### What the exercise asks:
Beginning with the line below that contains "Abbildung 2: „SG551-1" and ending with the line that contains "Da Pisa-Rolex spumante", retype every line exactly. Pictures are not copied.

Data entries
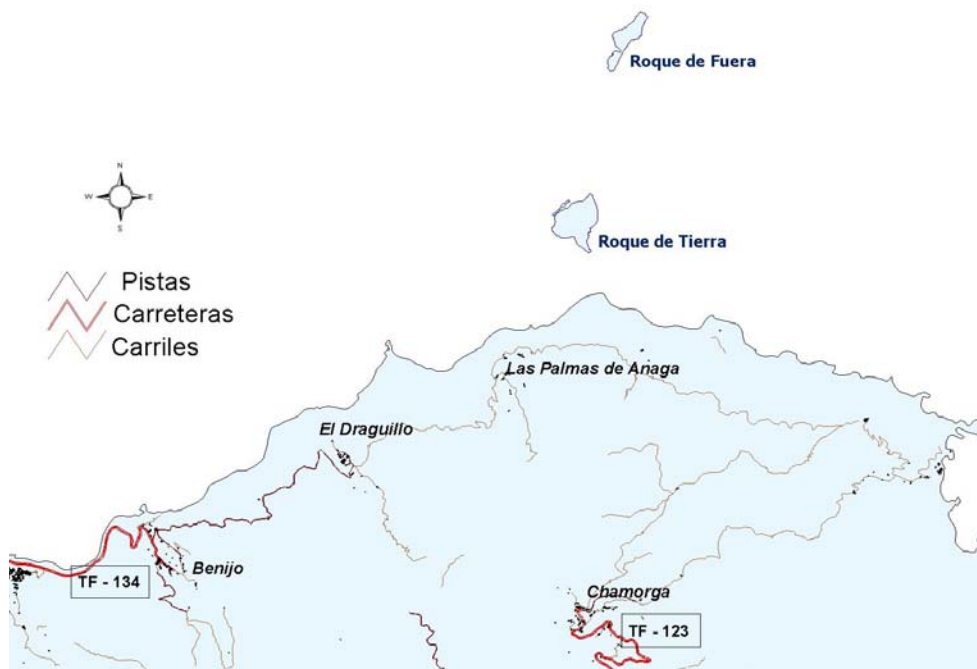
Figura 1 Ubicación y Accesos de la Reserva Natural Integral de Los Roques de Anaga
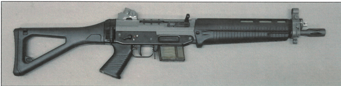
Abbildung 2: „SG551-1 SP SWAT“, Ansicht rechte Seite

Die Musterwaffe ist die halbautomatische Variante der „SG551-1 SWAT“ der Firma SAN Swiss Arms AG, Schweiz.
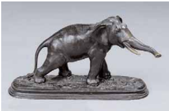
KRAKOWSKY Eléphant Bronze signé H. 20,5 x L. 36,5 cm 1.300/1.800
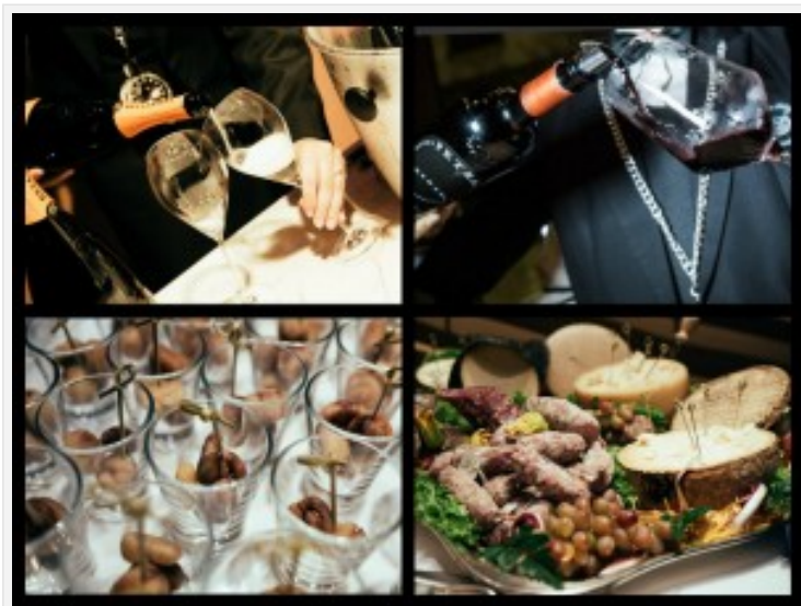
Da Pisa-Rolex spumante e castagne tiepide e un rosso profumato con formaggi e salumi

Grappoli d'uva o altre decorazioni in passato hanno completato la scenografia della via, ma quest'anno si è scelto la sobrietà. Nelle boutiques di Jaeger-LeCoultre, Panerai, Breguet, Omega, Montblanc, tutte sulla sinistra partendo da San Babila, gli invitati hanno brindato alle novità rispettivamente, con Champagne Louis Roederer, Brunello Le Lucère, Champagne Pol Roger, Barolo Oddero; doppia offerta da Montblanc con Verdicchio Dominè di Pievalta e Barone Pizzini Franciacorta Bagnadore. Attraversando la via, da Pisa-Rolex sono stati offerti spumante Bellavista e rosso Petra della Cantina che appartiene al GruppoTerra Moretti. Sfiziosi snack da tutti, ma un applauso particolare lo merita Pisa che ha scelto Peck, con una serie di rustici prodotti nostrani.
* * *
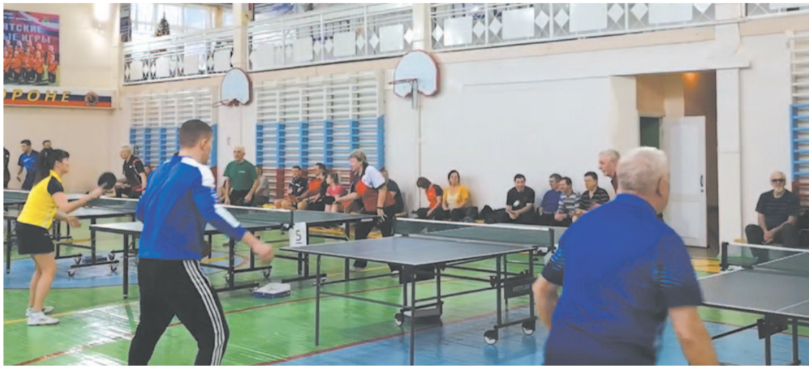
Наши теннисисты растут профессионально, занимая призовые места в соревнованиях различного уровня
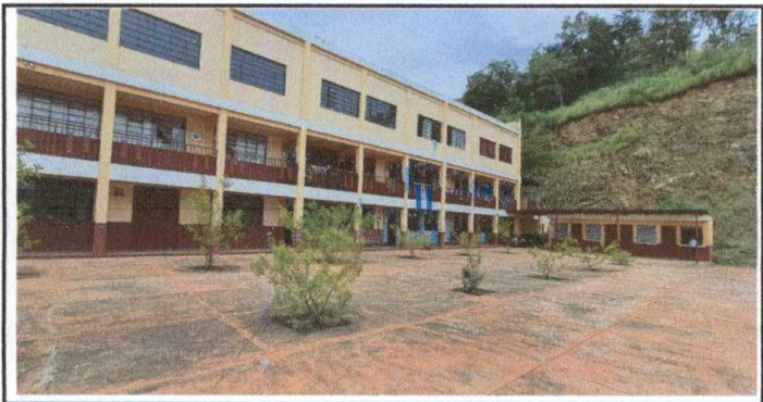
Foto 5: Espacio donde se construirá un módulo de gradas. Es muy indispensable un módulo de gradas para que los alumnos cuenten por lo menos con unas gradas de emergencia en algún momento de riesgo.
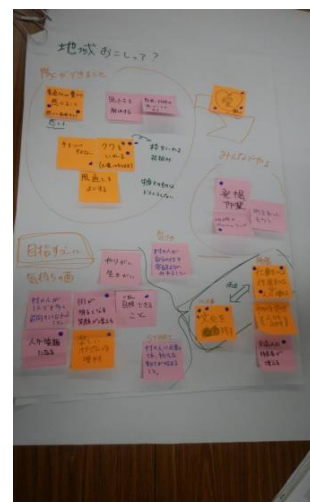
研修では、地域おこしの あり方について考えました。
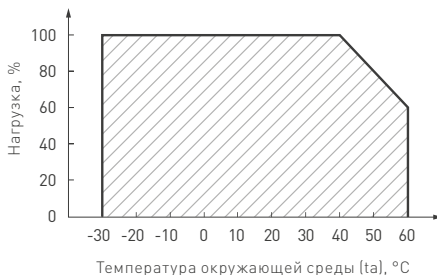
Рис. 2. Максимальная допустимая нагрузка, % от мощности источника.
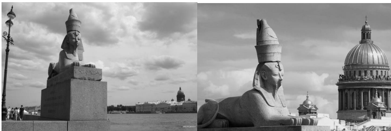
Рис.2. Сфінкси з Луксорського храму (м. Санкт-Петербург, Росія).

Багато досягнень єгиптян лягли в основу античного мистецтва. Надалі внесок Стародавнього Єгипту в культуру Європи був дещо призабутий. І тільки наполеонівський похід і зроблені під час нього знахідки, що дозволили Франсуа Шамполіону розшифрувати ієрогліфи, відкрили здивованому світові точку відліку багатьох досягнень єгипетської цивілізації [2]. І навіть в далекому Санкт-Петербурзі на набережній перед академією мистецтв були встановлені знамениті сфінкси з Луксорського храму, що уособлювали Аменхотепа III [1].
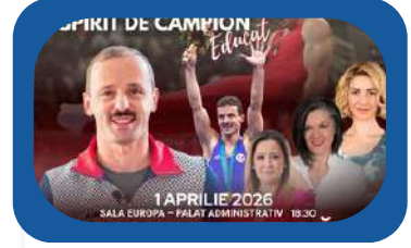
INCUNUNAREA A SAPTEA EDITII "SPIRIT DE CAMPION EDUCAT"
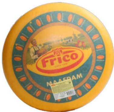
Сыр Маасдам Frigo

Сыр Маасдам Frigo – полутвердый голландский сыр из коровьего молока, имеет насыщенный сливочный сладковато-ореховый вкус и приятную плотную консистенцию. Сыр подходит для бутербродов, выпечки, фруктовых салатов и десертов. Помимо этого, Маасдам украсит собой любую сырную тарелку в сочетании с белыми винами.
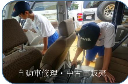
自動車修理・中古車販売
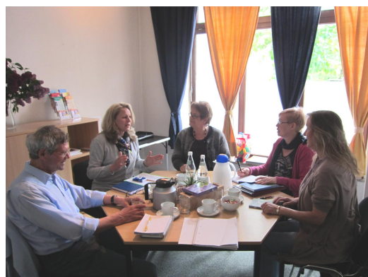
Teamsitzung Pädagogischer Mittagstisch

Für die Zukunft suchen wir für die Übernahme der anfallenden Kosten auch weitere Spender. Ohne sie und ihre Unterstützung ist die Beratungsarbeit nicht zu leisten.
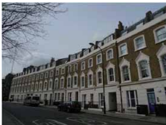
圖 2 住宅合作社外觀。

### Your response:
Abbildung 2: „SG551-1 SP SWAT“, Ansicht rechte Seite

Die Musterwaffe ist die halbautomatische Variante der „SG551-1 SWAT“ der Firma SAN Swiss Arms AG, Schweiz.
KRAKOWSKY Eléphant Bronze signé H. 20,5 x L. 36,5 cm 1.300/1.800
Da Pisa-Rolex spumante e castagne tiepide e un rosso profumato con formaggi e salumi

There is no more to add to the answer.